The C. elegans E2 is 34% identical in sequence to the human E2 (Fig. 1B). Therefore, as expected, the two structures appear similar (Fig. 2). The most prominent feature of E2 is a long α-helix (αC) that spans the entire length of the molecule, connecting its two halves (supplemental Fig. S1): the N-terminal portion of αC forms an anti-parallel coiled-coil with αB that constitutes one structural subdomain, and the C-terminal half of αC forms a four-helix bundle with αD, αE, and αF that constitutes the other subdomain.
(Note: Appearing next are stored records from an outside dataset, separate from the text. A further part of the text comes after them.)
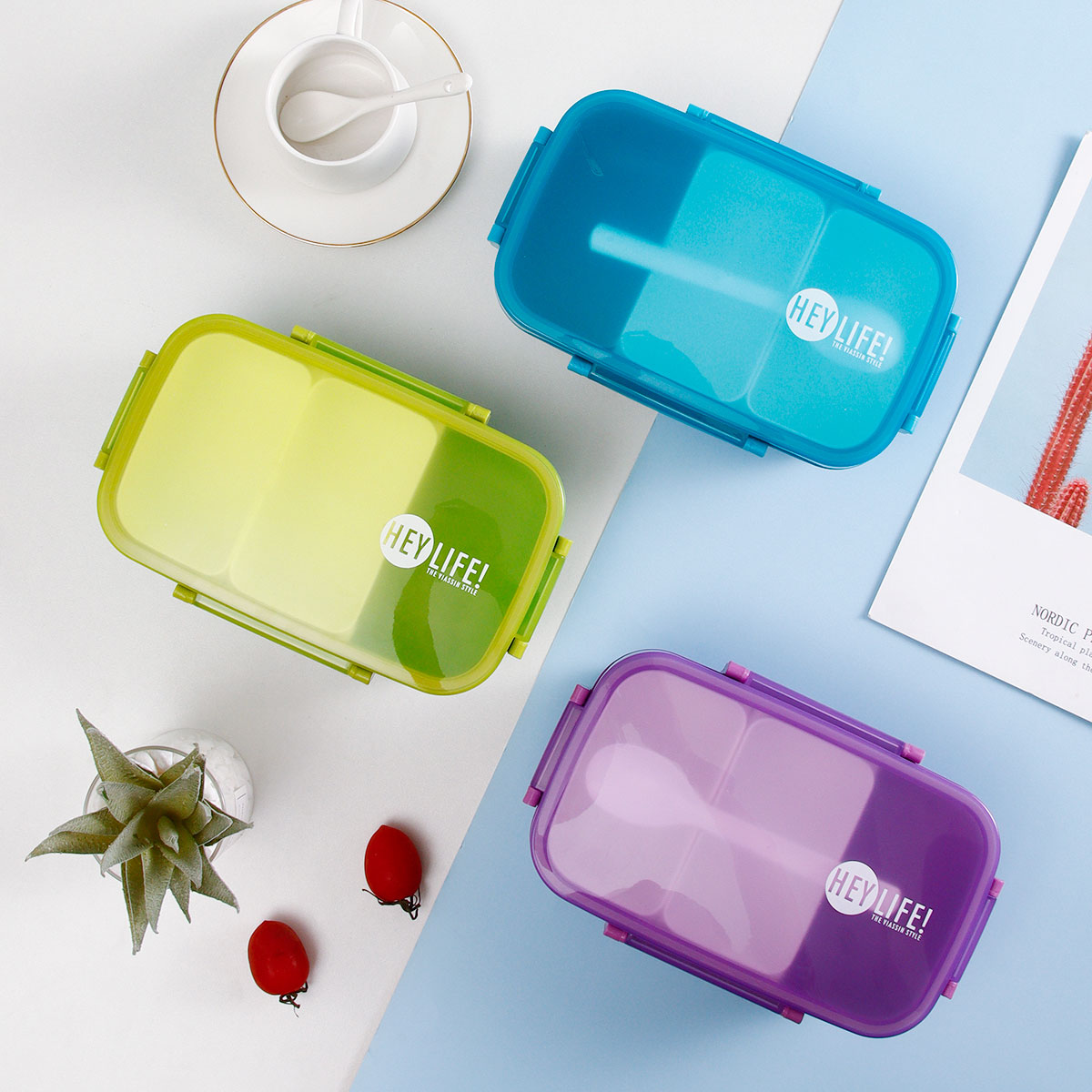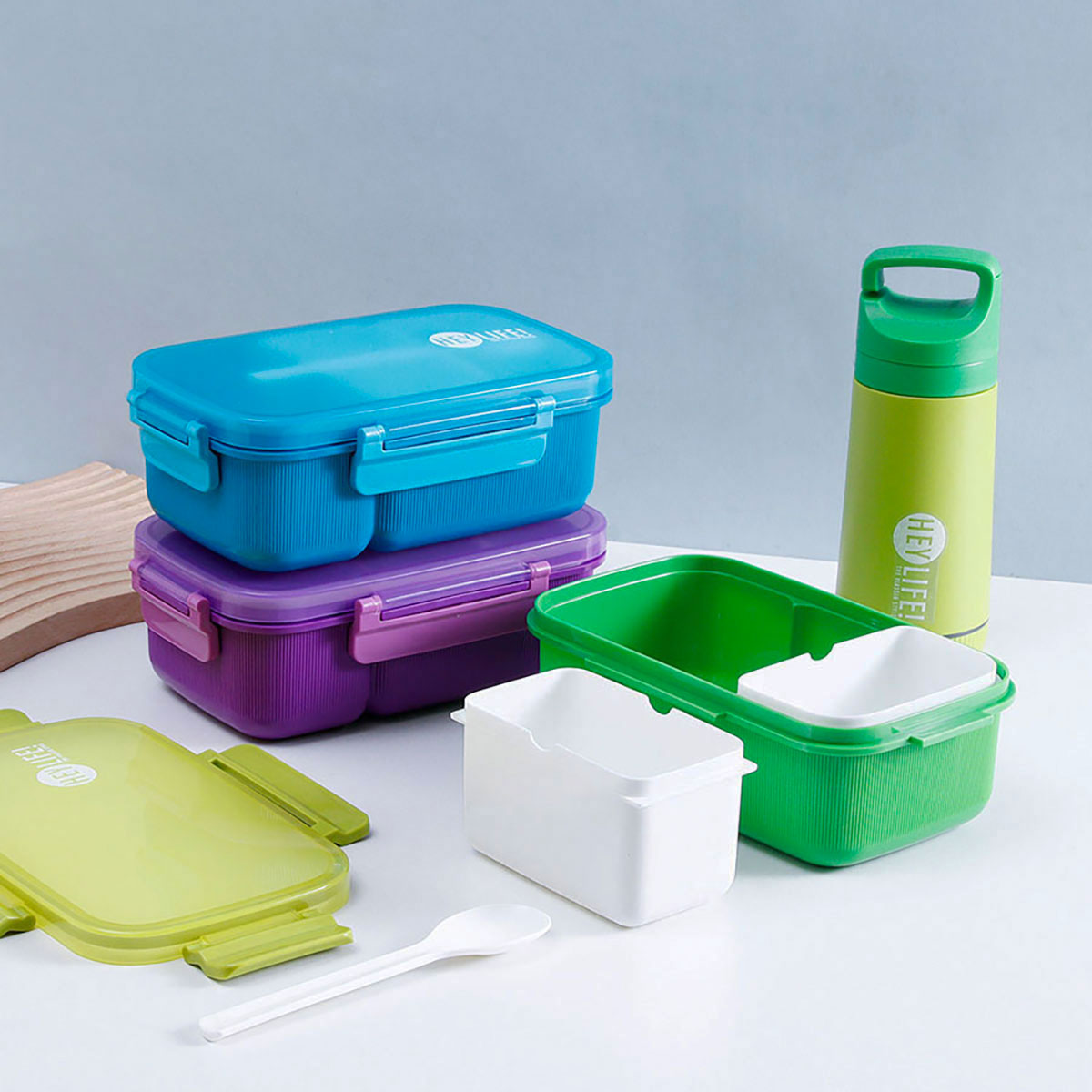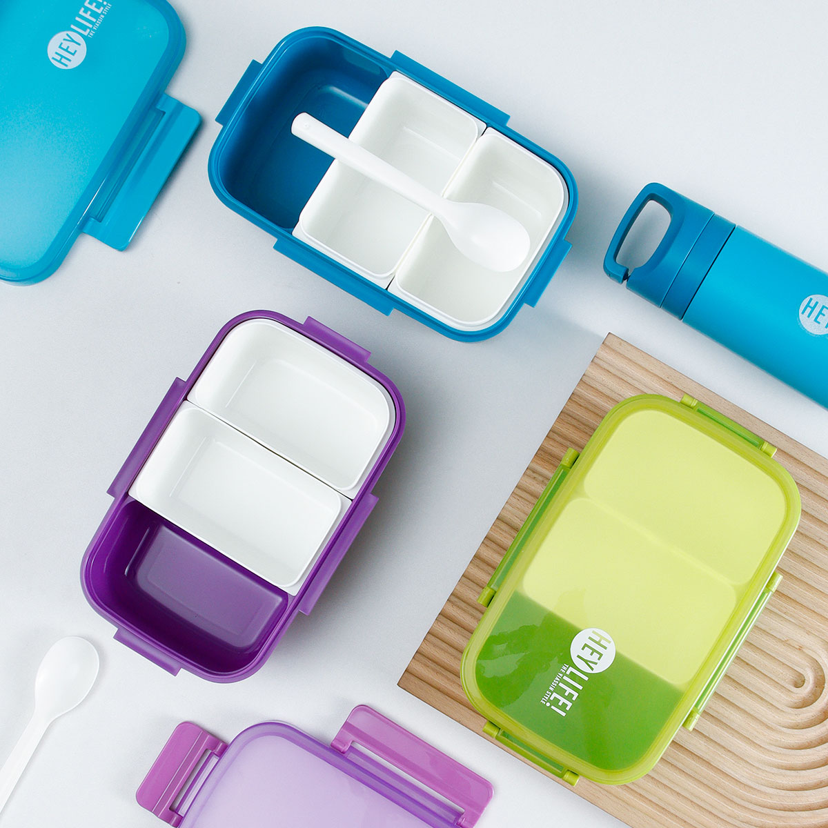 紋彩密封3格飯盒+水壺套裝(長方高款)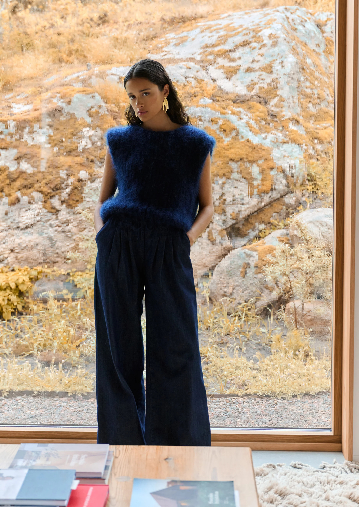De james spencer, een perfecte mix van comfort en elegantie. Met een elastieken band aan de onderkant en een mix van mohair biedt deze mouwloze top een zachte, luxe feel. De ronde hals en normale pasvorm zorgen voor de perfecte look voor elke dag!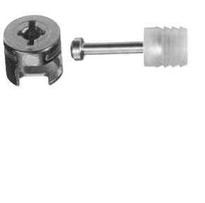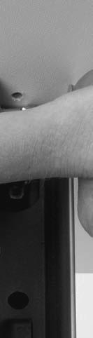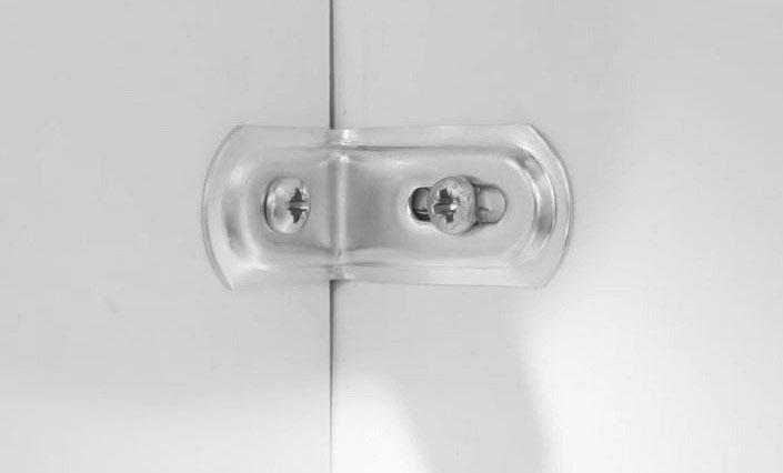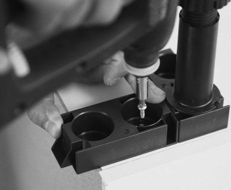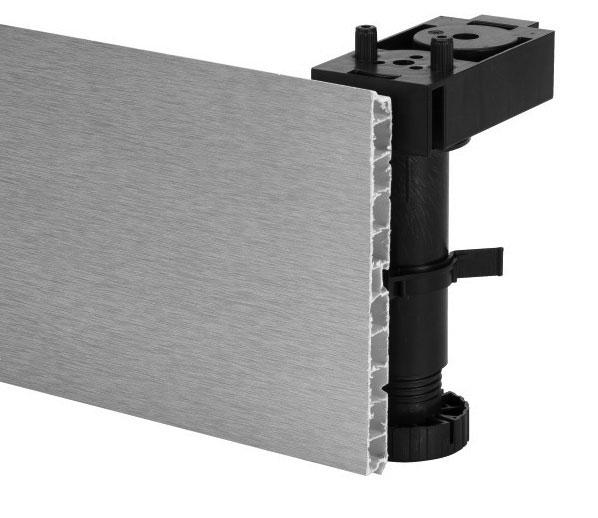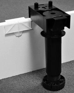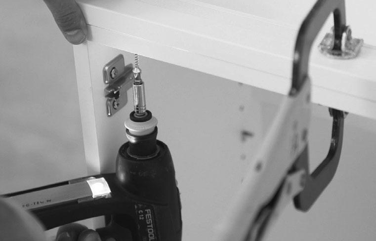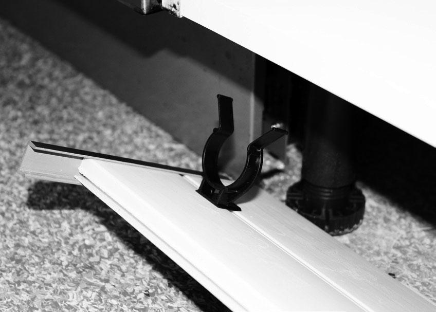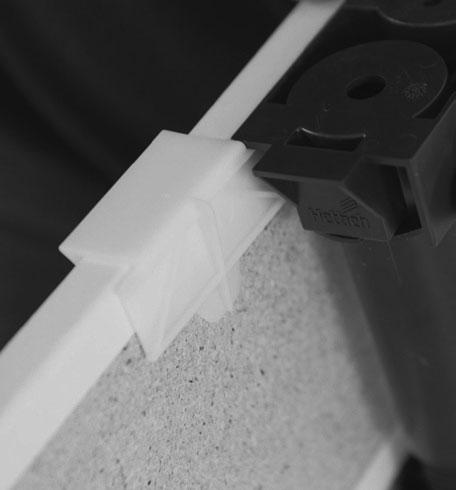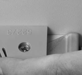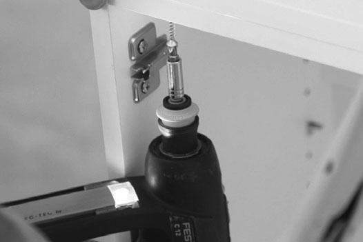4. Efter att skruvat fast den vita hylsan på stolpen träs plåtvinkeln Curry art.nr. 30190 med L-profil över hylsan och monteras med tre skruvar art.nr. 39111 TFX 3,5x25 mm i skåpets facklist. Förborra med ett 2 mm borr. Mät från insida kort facklist. Notera! Det är medskickat ett fäste för att monteras i ovankant upp mot bänkskivan. Det används inte i Vedums montering. Använd L-profilen istället.
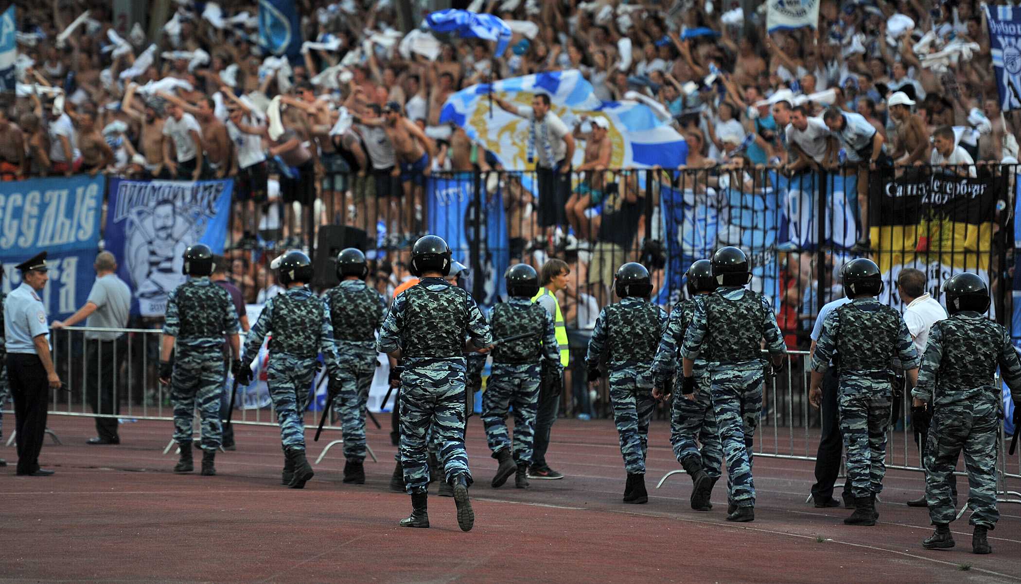 Полиции было действительно очень много. И вокруг стадиона, и внутри. Официально на арене собралось 16 тысяч зрителей – часть гостевой трибуны за воротами пустовала в целях безопасности. Но де-факто аудитория была значительно больше: из углового прохода за матчем с неподдельным интересом наблюдал целый батальон. А чуть в стороне от зенитовского виража дежурил ОМОН. И, к сожалению, довольно скоро ему пришлось выйти из тени.

Near the center of the molecule, there is a short cleft formed between αB and αD, where a number of conserved and basic residues are clustered.

FIGURE 2.

FIGURE 2.

Structural comparison between APL-1 and APP. A, superposition of APP E2 (red: PDB entry 1rw6) onto the N-terminal subdomain of APL-1 E2 (black). The Cα traces are shown in stereo pairs. B, superposition of APP E2 (red: x-ray structure PDB entry 1rw6; green: NMR structure PDB entry 1tkn) onto the C-terminal subdomain of APL-1 E2 (black). These images were generated by Molscript (37).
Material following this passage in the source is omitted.